*How to complete this task*: With the pictures omitted, print exactly the lines below, from the one containing "Чёрный котик, бархатный" through the one containing "- Taux d'interruption", and nothing else.

*** Input data Section Begins ***

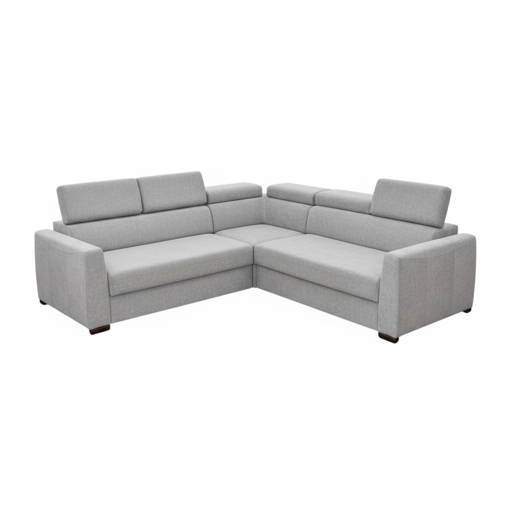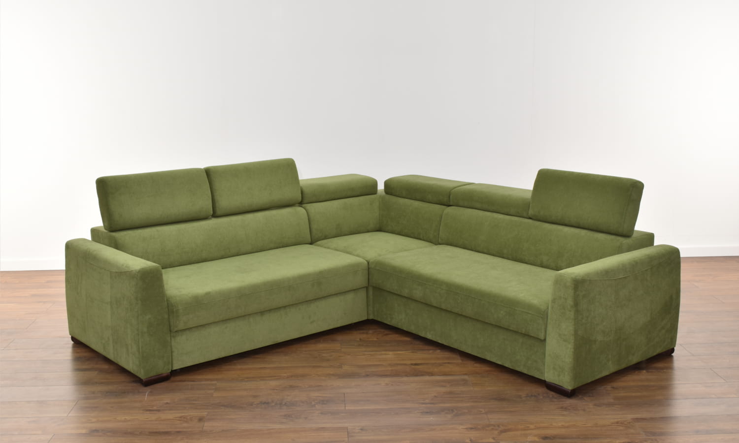 W standardzie narożnik wyposażony jest w regulowane zagłówki, pojemnik na pościel, a co najważniejsze narożnik posiada funkcję spania o sporych wymiarach.
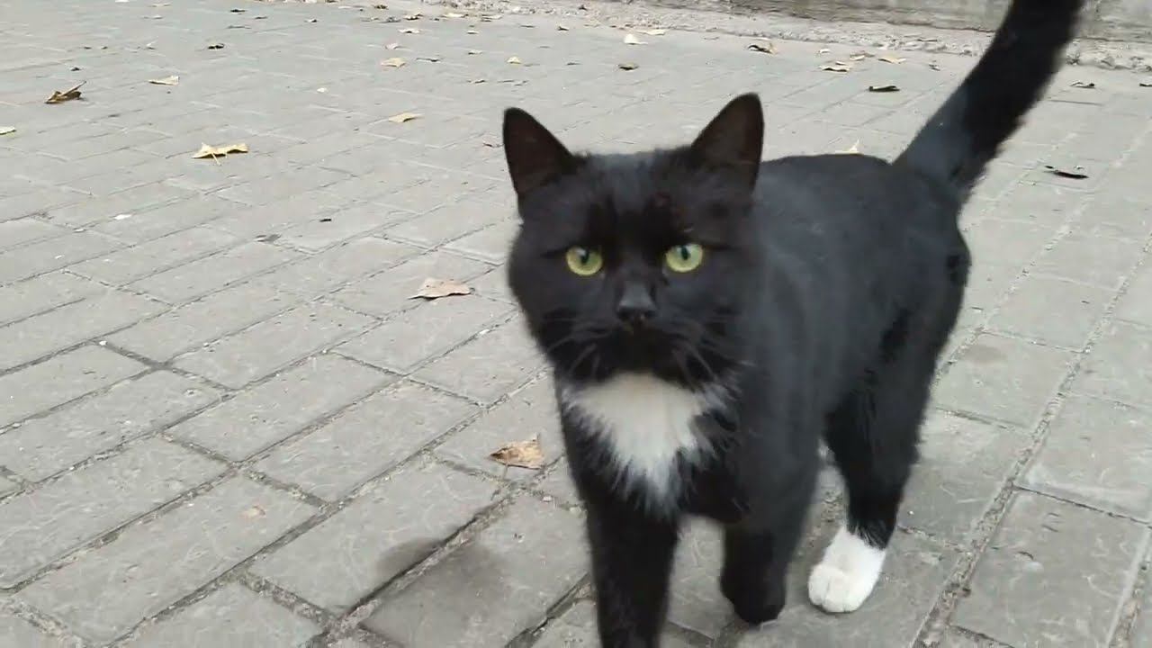 Чёрный котик, бархатный животик - гуляет. #shorts
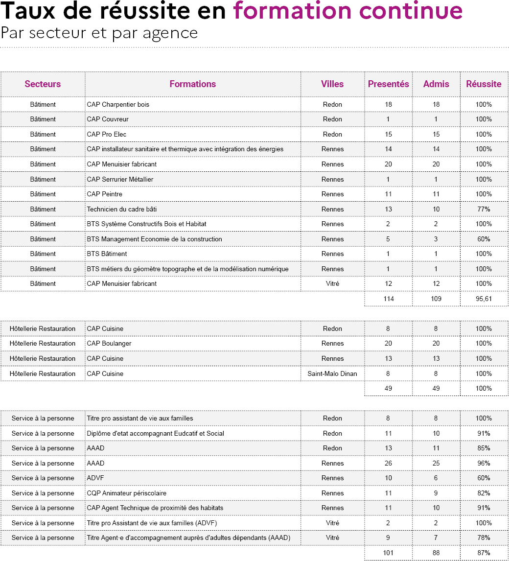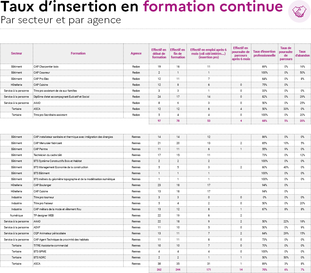 - Taux d'interruption en cours de formation : 2,2 %
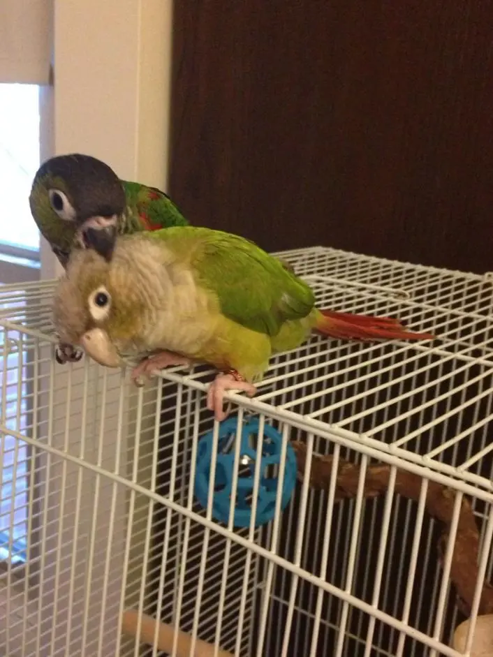 Needless to say the Petco near me had two Black Cap Conures caged together and I finally gave in on Friday. I picked the one who didn't bite when I held him. His name is Raj and he is almost 4 months old. He is scared of hands but loves faces. The only unfortunate thing is my kids broke quarantine. I had Raj out if his cage and ran to the bathroom quick. When I came back in, on of my kids had Chico in the room on Raj's cage. I was freaking out. Luckily it seemed like love at first sight and they were preening the pin feathers off each other. He has already been tested for all the big P's but I'm still going to be keeping with quarantine, keeping my fingers crossed, & reminding my kids why quarantine is important. Pics coming soon.
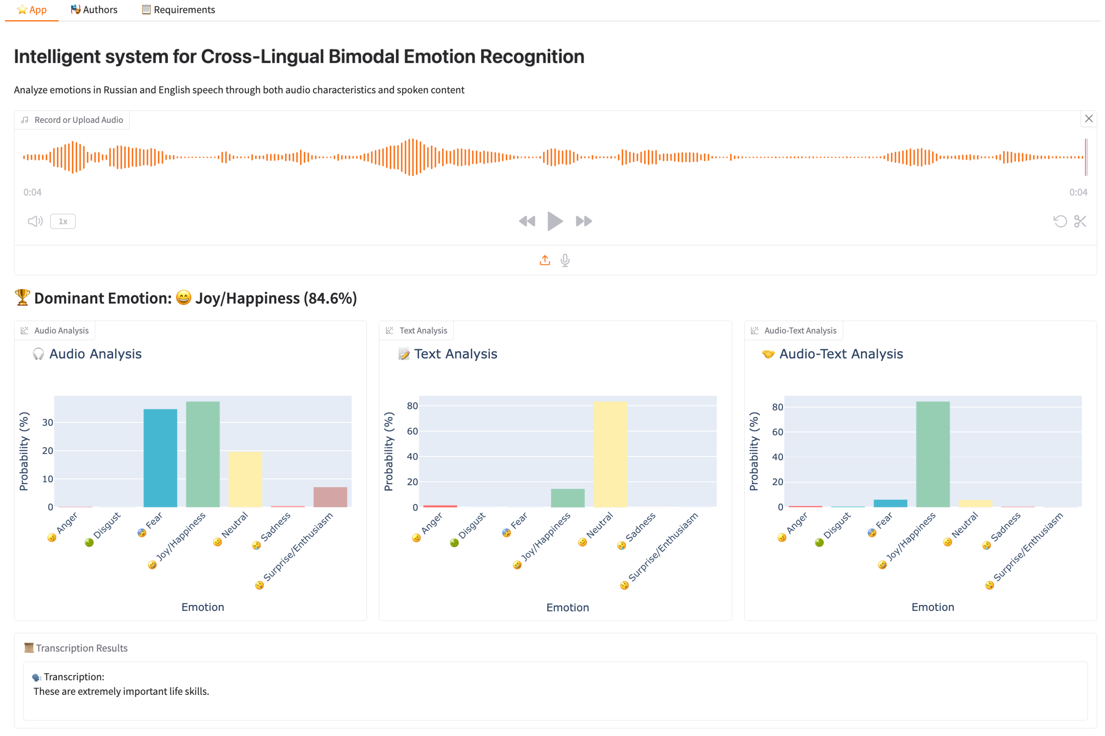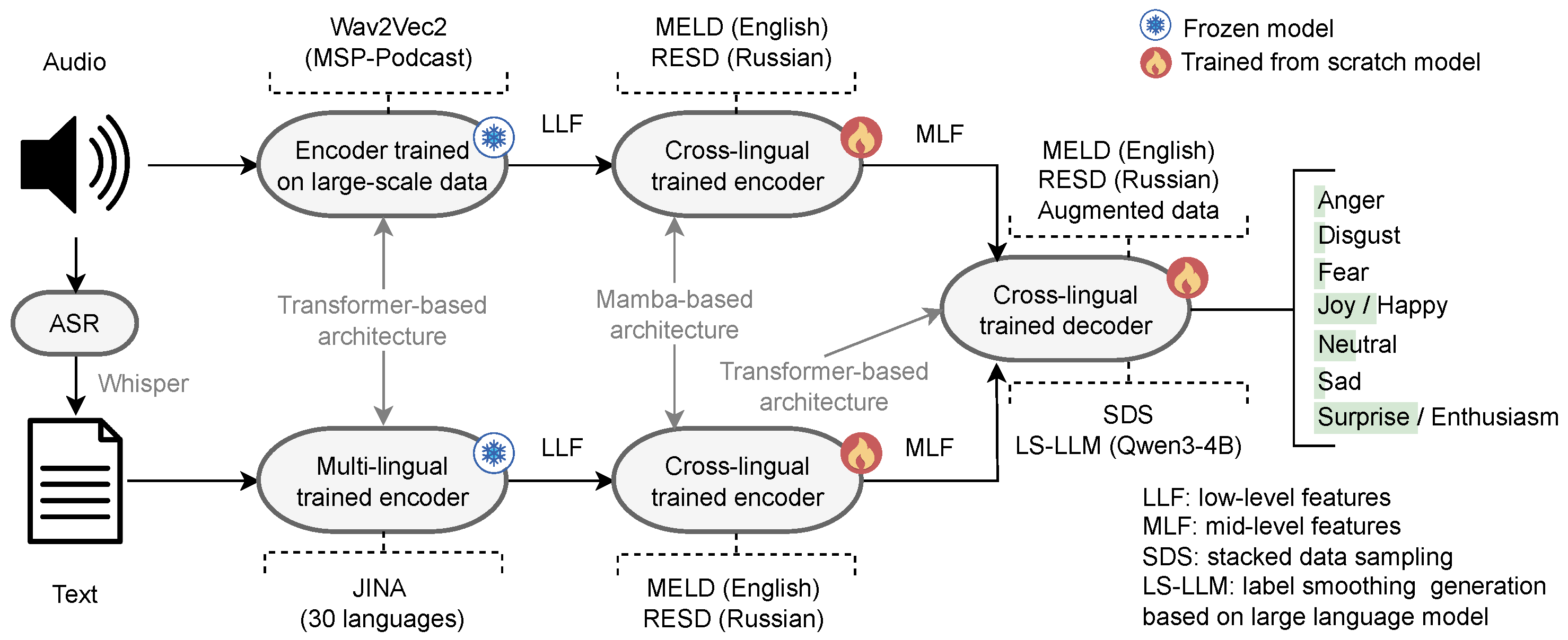 To address these limitations, a BER method is proposed that integrates audio and text modalities using cross-lingual encoders fine-tuned jointly on Russian Emotional Speech Dialogs (RESD) (Russian) [
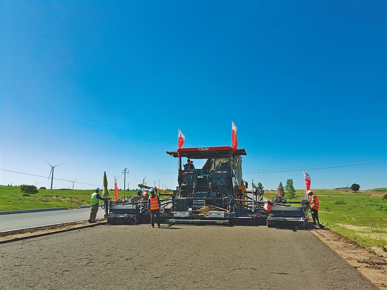 “该路段采用一级公路标准建设,长度为12.6公里,设计速度为每小时80公里,路面宽度为20米,采用双幅四车道,预计在8月15日实现全线主体贯通。”中交三公局草乌高速二标段一工区经理郝金凯说,截至目前,路线右幅下面层已完成,左幅下面层目前已完成9.6公里。9月30日完成全部施工任务。
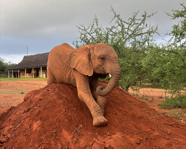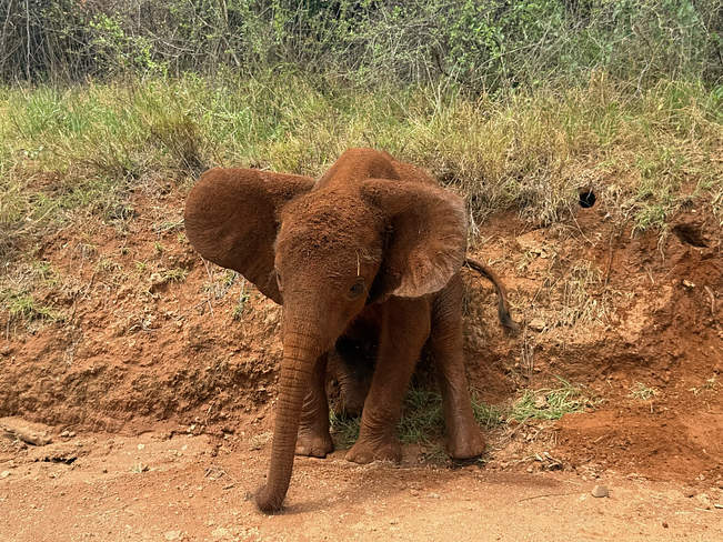 Le mois de février nous a offert un moment tout à fait charmant. Des éléphants sauvages ont rendu visite au petit bain de boue de KAIKAI pendant la nuit, et au matin, il ne restait plus que leurs empreintes. Lorsque KAIKAI est arrivée pour son bain de boue de midi, elle a marché sans le vouloir dans l'une de ces empreintes géantes, grandes comme des assiettes. C'était comme si elle marchait vers son avenir : pour l'instant, ses quatre petites pattes tiennent dans une seule empreinte, mais dans de nombreuses années — et après de nombreux pas —, elle laissera sa propre empreinte dans la nature sauvage de Tsavo.
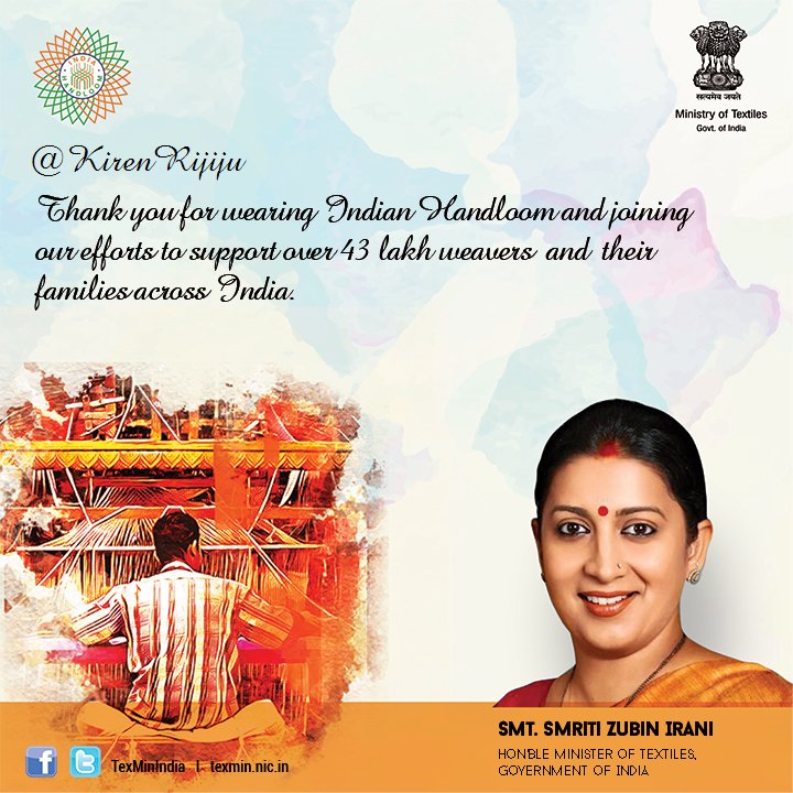 @smritiirani I wear handloom because it makes me look outstanding and truely Indian...

*** Input data Section Ends ***

*Solution*:
 Чёрный котик, бархатный животик - гуляет. #shorts
 - Taux d'interruption en cours de formation : 2,2 %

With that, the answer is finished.